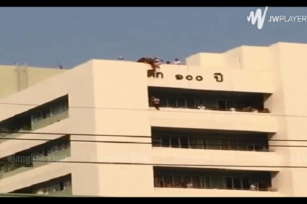 A video clip posted online on Monday by Facebook user Noom Muangnon showed hospital staff risking their own safety and pulling the girl back up onto the rooftop.
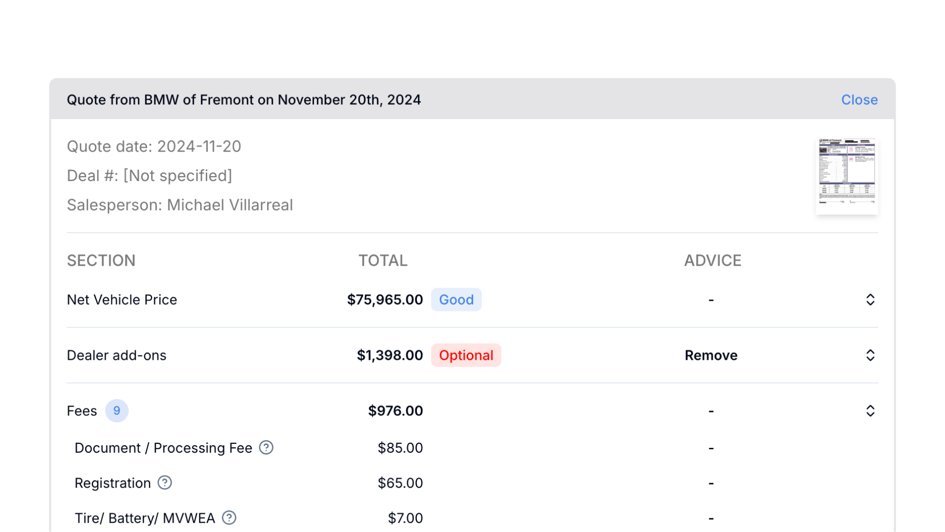 From your deal, so that you can see all the numbers in one consistent format. We’ll even give you advice on some of these numbers so that you can more easily negotiate with the dealer. Not sure what a certain fee or dealer add-on means (looking at you “CA TIF,” “CHP FEE,” or “RECOVR”)? Click the ? icon next to the name to see a common sense explanation.
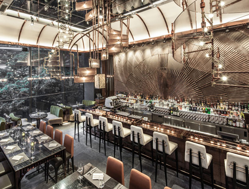 Gli interni un po’ surreali con una forte presenza di parti metalliche in riferimento alla storia dell’edificio, sono stati ispirati in parte al film Alphaville, un classico del 1965 con la regia di Jean Luc Godard, che esplora le connessioni tra società, arte e tecnologia. (Esempio: i tre lampadari in tubo di rame a forma di scale a chiocciola, un tema ricorrente nel film)
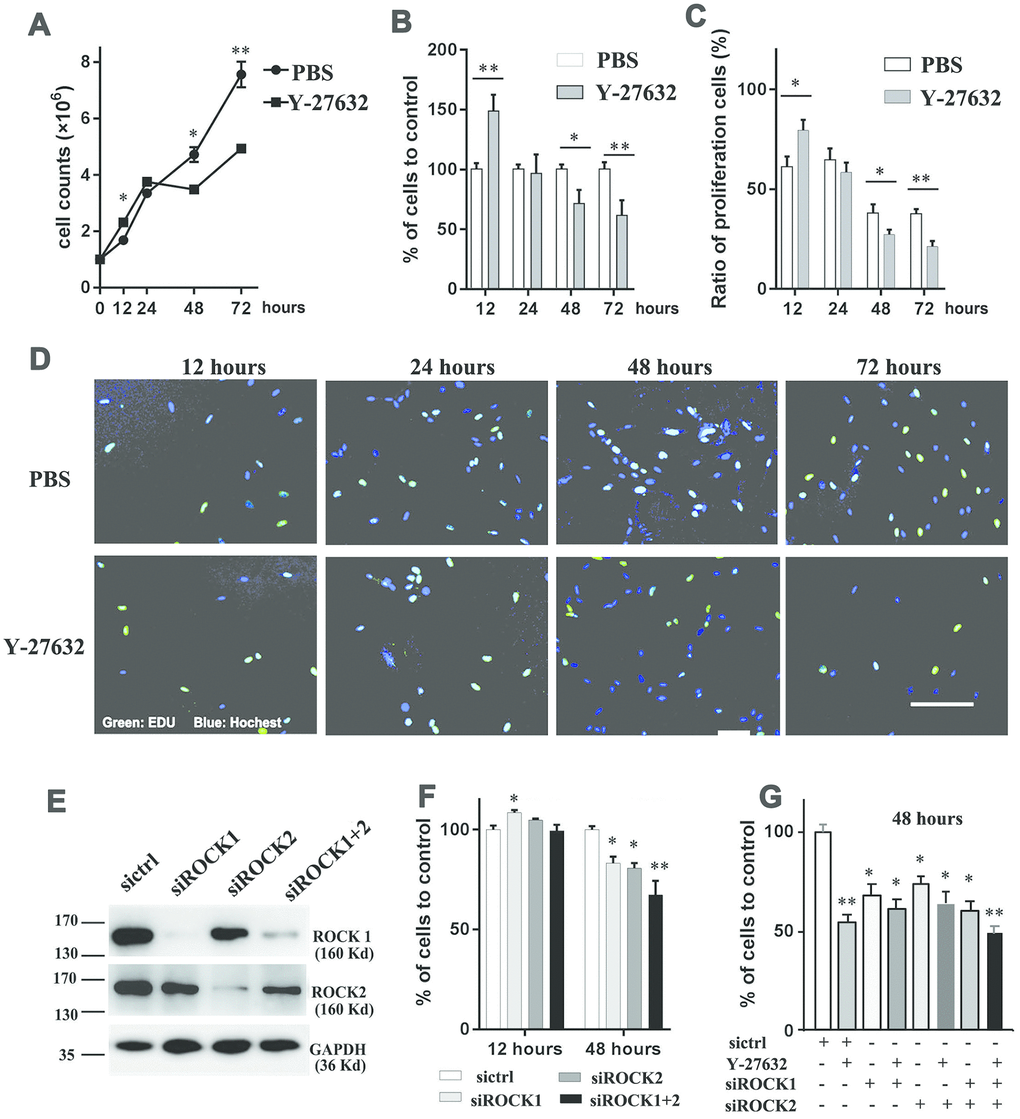 In order to elucidate the effects of Y-27632 on dermal cell growth, we cultured HDFs in the absence or presence of 10 μM Y-27632 for 12 to 72 h. As shown in Figure 1A, during the first 24 h of culture, Y-27632 treated HDFs grew faster than the PBS treated controls, however after that time, their growth was significantly inhibited compared to the PBS controls (Figure 1A). To further confirm that prolonged treatment with Y-27632 inhibits the growth of HDFs, a CCK8 cell counting assay was carried out with the same results (Figure 1B). The effect of Y-27632 on HDFs was quantified using EdU to stain proliferating cells. Figure 1D shows EdU-positive cells (green) at different time points with quantification of those results shown in Figure 1C. Again, the results confirmed that there are more proliferating HDFs at 12 h of Y-27632 treatment compared to PBS treated controls, and significantly fewer HDFs at 48 and 72 h (Figure 1C, 1D). In order to validate the effects of Y-27632 on HDFs derived in our laboratory, we treated commercial HDFs (cHDFs) in the same manner and obtained similar results (Supplementary Figure 1).
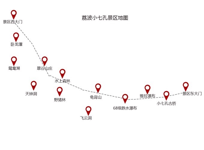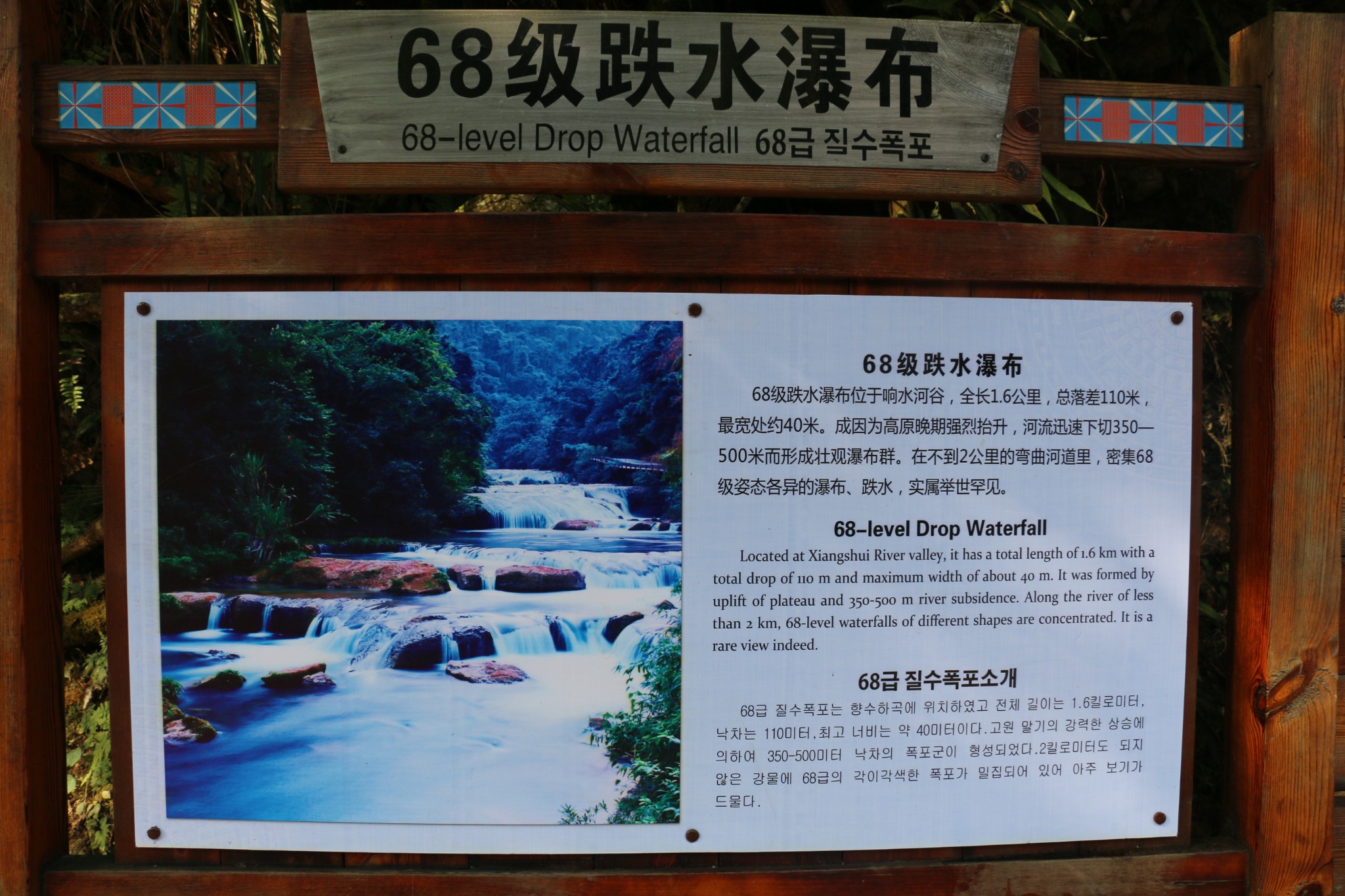 68级跌水瀑布--全长1.6公里,总落差110米,高高低低的河床,错落着68级瀑布和跌水。如此众多而密集的瀑布、跌水,全国罕见。层层叠叠的瀑布,淙淙哗哗倾泻而下,或倾珠撒玉,推雪拥云。
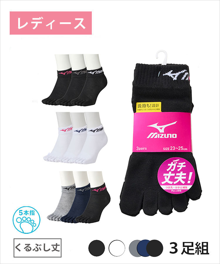 | 商品名 | 【3足組】MIZUNO レディース ソックス くるぶし丈 5本指 高耐久設計 ミズノ デイリー ガチ丈夫 |

========================================

What you return must match, line for line, the records from the line containing "In order to elucidate" through their end, with both ends included and no pictures.

RESPONSE AREA>
 In order to elucidate the effects of Y-27632 on dermal cell growth, we cultured HDFs in the absence or presence of 10 μM Y-27632 for 12 to 72 h. As shown in Figure 1A, during the first 24 h of culture, Y-27632 treated HDFs grew faster than the PBS treated controls, however after that time, their growth was significantly inhibited compared to the PBS controls (Figure 1A). To further confirm that prolonged treatment with Y-27632 inhibits the growth of HDFs, a CCK8 cell counting assay was carried out with the same results (Figure 1B). The effect of Y-27632 on HDFs was quantified using EdU to stain proliferating cells. Figure 1D shows EdU-positive cells (green) at different time points with quantification of those results shown in Figure 1C. Again, the results confirmed that there are more proliferating HDFs at 12 h of Y-27632 treatment compared to PBS treated controls, and significantly fewer HDFs at 48 and 72 h (Figure 1C, 1D). In order to validate the effects of Y-27632 on HDFs derived in our laboratory, we treated commercial HDFs (cHDFs) in the same manner and obtained similar results (Supplementary Figure 1).
 68级跌水瀑布--全长1.6公里,总落差110米,高高低低的河床,错落着68级瀑布和跌水。如此众多而密集的瀑布、跌水,全国罕见。层层叠叠的瀑布,淙淙哗哗倾泻而下,或倾珠撒玉,推雪拥云。
 | 商品名 | 【3足組】MIZUNO レディース ソックス くるぶし丈 5本指 高耐久設計 ミズノ デイリー ガチ丈夫 |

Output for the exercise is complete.